Data supplied –
Start of Block

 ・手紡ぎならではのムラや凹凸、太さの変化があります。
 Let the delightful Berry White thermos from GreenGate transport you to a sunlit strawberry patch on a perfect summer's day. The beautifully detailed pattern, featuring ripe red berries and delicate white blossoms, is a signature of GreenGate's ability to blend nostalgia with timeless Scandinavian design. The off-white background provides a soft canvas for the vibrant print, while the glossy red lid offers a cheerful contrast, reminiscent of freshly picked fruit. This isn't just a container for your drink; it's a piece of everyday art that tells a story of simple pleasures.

End of Block
Start of Block

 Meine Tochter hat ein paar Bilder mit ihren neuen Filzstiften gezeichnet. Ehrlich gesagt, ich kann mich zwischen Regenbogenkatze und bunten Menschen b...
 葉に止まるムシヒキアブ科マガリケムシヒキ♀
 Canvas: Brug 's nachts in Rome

End of Block
Start of Block

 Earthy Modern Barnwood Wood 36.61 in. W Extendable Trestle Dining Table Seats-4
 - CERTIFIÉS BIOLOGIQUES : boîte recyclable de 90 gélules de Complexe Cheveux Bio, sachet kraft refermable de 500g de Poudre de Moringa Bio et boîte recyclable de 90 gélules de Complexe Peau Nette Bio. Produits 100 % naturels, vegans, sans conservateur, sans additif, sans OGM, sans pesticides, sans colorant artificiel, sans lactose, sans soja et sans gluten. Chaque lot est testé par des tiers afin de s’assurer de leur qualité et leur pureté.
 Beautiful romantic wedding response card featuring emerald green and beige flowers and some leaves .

End of Block

How to complete this task – All lines of the material that contain the string "featuring" are to be copied.

Response to the exercise –
 Let the delightful Berry White thermos from GreenGate transport you to a sunlit strawberry patch on a perfect summer's day. The beautifully detailed pattern, featuring ripe red berries and delicate white blossoms, is a signature of GreenGate's ability to blend nostalgia with timeless Scandinavian design. The off-white background provides a soft canvas for the vibrant print, while the glossy red lid offers a cheerful contrast, reminiscent of freshly picked fruit. This isn't just a container for your drink; it's a piece of everyday art that tells a story of simple pleasures.
 Beautiful romantic wedding response card featuring emerald green and beige flowers and some leaves .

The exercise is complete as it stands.